The other was Stephen Green, chairman of HSBC, one of the very few bankers prepared to go on a podium here – but then HSBC is probably the strongest bank in the world, so he has less to fear than his competitors. His view was that, yes, there had to be better regulation of the banks, but there also had to be a greater sense of morality within the economy. So regulation was not enough.

There seems to me to be two conclusions you could draw from all this. One is that there are a number of mechanical things that have to be done to secure the recovery, of which re-establishing the financial system is the most important. The other is that we have to accept that finance will be different for a generation, for the scars of this breakdown run deep.
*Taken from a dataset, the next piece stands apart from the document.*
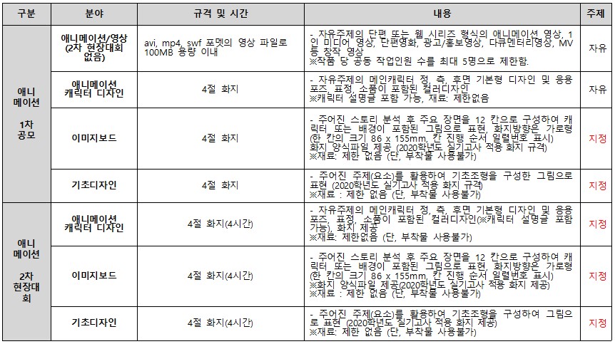 [공모전] 2020 청강문화산업대학교 만화 · 애니메이션· 게임 콘텐츠 실기대전(1차)

The best parallel is not the Depression of the 1930s, but rather the great inflation of the 1970s. Then, as now, there was a similar sense of despair. The fear then was that governments would not be able to regain their authority over the value of their currencies, and that the instabilities – the strikes, the destruction of savings, and so on – would destroy the market system. Now it is the banks who are in the dock, though in reality it must be the monetary authorities and regulatory agencies that share in the blame. But the idea that the system was broken is similar. I remember a conversation at Davos in the late 1970s with Edward Heath, when he felt that the UK was too disorganised and demoralised for any government to be able to rebuild its authority. That was post the IMF rescue and before the election of Margaret Thatcher.
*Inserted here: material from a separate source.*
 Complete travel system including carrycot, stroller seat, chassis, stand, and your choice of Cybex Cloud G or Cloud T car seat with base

Well, the world did, albeit at great cost, rebuild the system. Governments recovered authority, inflation declined, and the world started the greatest quarter-century of growth that it has ever sustained. China, India and many other emerging economies adopted market reforms and helped to drive this growth.
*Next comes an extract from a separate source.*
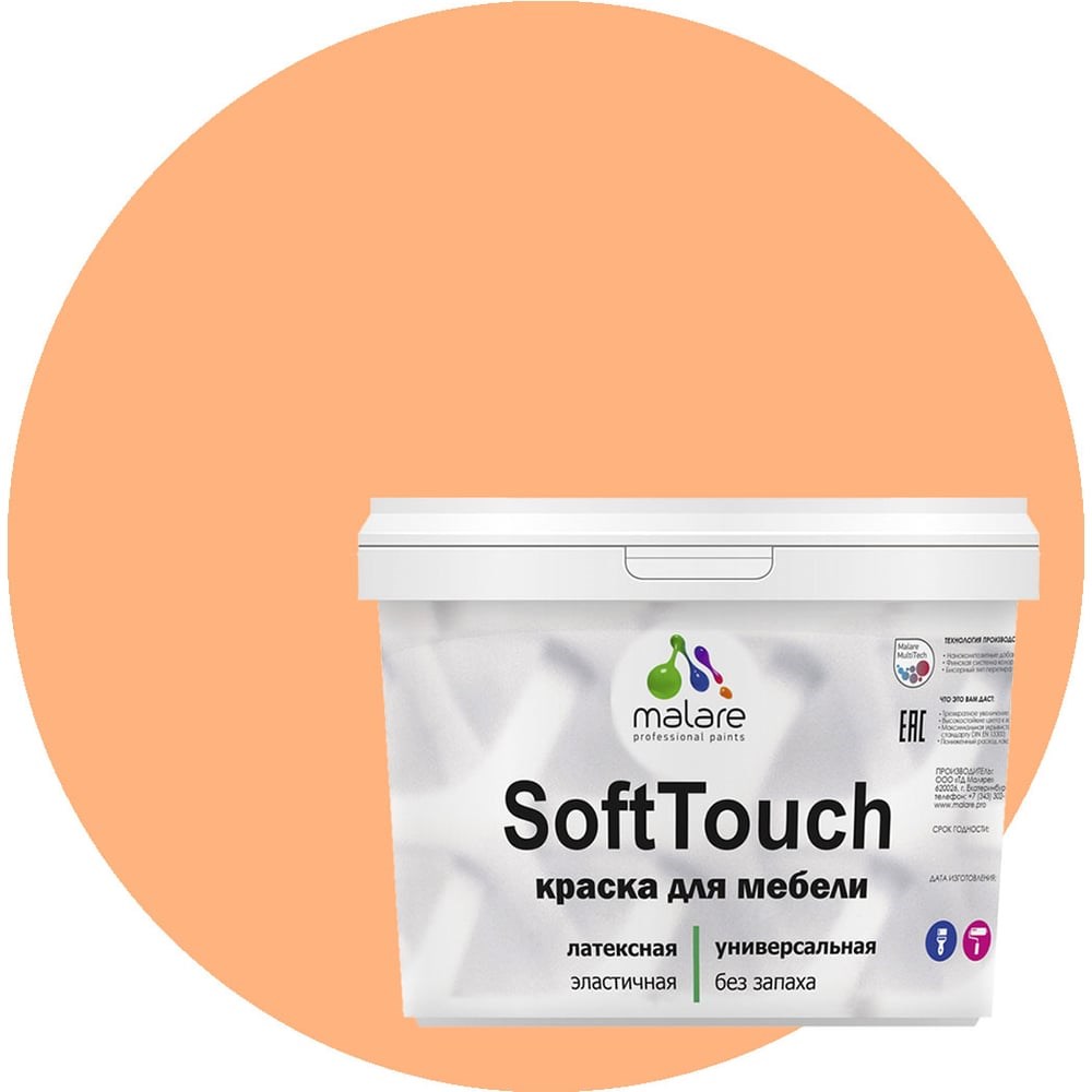 Краска для мебели, кухонных фасадов MALARE SoftTouch матовая, свежая охра, 10 кг 2036752085932 предназначена для защитно-декоративного окрашивания любых деревянных, минеральных и металлических поверхностей, как фасадных, так и интерьерных. Обладает высокой износостойкостью и экономичностью. Материал пожаро- и взрывобезопасен. Не смешивать с другими красками и органическими растворителями. Рекомендована для окрашивания: мебели кровель и цоколей фасадов и интерьеров любых деревянных изделий

The present efforts to reboot the world economy carry huge costs, and those will be carried for a decade, at least. If the Institute for Fiscal Studies is right, it will be longer, and the prospect of the UK not being able to get its debt back to the 1998 level before 2030 is daunting indeed. To double your national debt not to fight a world war but merely to blunt the worst of a recession is pretty dire, and the UK is not alone in the way it is increasing the burden on the next generation. The only possible outcome is a much slower rise in living standards than we have been used to, if there is to be any significant rise in living standards at all.

All this points to a slow economic recovery, but a recovery nonetheless, probably starting some time in 2010. That would be the IMF's view, and I think for once the Fund's economists have caught up with the market.

What might make it worse?

There are two obvious candidates. One is financial protectionism. We all know about trade protection and dangers of that. But we are now in danger of getting a similar pattern in finance, where banks find they are restricted in the extent to which they can lend to other countries. You can see that in the UK in the criticism that the Royal Bank of Scotland has run into for making international loans. Foreign banks have withdrawn from the British market in similar fashion. Some contraction in international lending is inevitable, but it would be very dangerous were we to try to run a global economy with only national banks.

The other is that the destruction of wealth that has taken place will have unforeseen consequences. Mr Clinton said that half the world's wealth had been destroyed in the past four months. My back-of-an-envelope calculation makes it about 40 per cent. Now you could say that the wealth was not real, and part of it maybe wasn't. But the idea that companies are poorer, people are poorer, pension funds are poorer, countries are poorer – well, that will have painful effects that have yet to work through the system.

Put these two together, and do you see the end of this generation-long period of prosperity? Actually, I think not; there will be a resumption of growth by 2011 at the latest. But they will make the pull out a long slog, and there is not much we can do about that.